I have a pandas data frame that looks like
Run Time ... K Recovery Ca Recovery
0 14 05:02:54 ... 61,498.671 (492.0%) 62,095.863 (496.8%)
1 19 08:14:59 ... 63,576.997 (508.6%) 63,986.691 (511.9%)
2 35 10:30:42 ... 63,609.755 (508.9%) 64,400.180 (515.2%)
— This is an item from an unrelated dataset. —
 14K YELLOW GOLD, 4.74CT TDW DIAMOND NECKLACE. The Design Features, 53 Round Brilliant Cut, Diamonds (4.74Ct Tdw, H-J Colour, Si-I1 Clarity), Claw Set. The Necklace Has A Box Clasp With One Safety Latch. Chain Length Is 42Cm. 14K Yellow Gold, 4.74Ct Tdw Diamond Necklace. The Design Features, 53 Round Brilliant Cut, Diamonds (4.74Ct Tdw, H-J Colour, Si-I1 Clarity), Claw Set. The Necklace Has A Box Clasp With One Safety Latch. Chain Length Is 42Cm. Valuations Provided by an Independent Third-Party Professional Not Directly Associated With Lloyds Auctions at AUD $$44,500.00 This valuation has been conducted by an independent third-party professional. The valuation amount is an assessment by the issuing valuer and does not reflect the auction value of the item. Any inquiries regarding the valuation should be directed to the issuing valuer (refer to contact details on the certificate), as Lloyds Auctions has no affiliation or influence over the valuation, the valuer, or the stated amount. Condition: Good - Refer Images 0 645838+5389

I want it to only keep the percentages and remove everything that isn't numeric so that it looks like this:
Run Time ... K Recovery Ca Recovery
0 14 05:02:54 ... 492.0 496.8
1 19 08:14:59 ... 508.6 511.9
2 35 10:30:42 ... 508.9 515.2
I was able to isolate the percentages by adding this re.findall(r'\(.*?\)', CaRecovery)
function to each individual string when I was creating the lists that make up my pandas data base, however this gave me some odd formatting problems:
Run Time Be Recovery ... Al Recovery K Recovery Ca Recovery
0 14 05:02:54 [(98.2%)] ... [(487.1%)] [(492.0%)] [(496.8%)]
1 19 08:14:59 [(101.6%)] ... [(499.8%)] [(508.6%)] [(511.9%)]
2 35 10:30:42 [(101.5%)] ... [(502.9%)] [(508.9%)] [(515.2%)]
It added the square brackets around the parentheses, and now for some reason
df = df.replace(r'[%]', '', regex=True)
has no effect on the database.
I need it just to be the numbers so I can convert the columns into floats.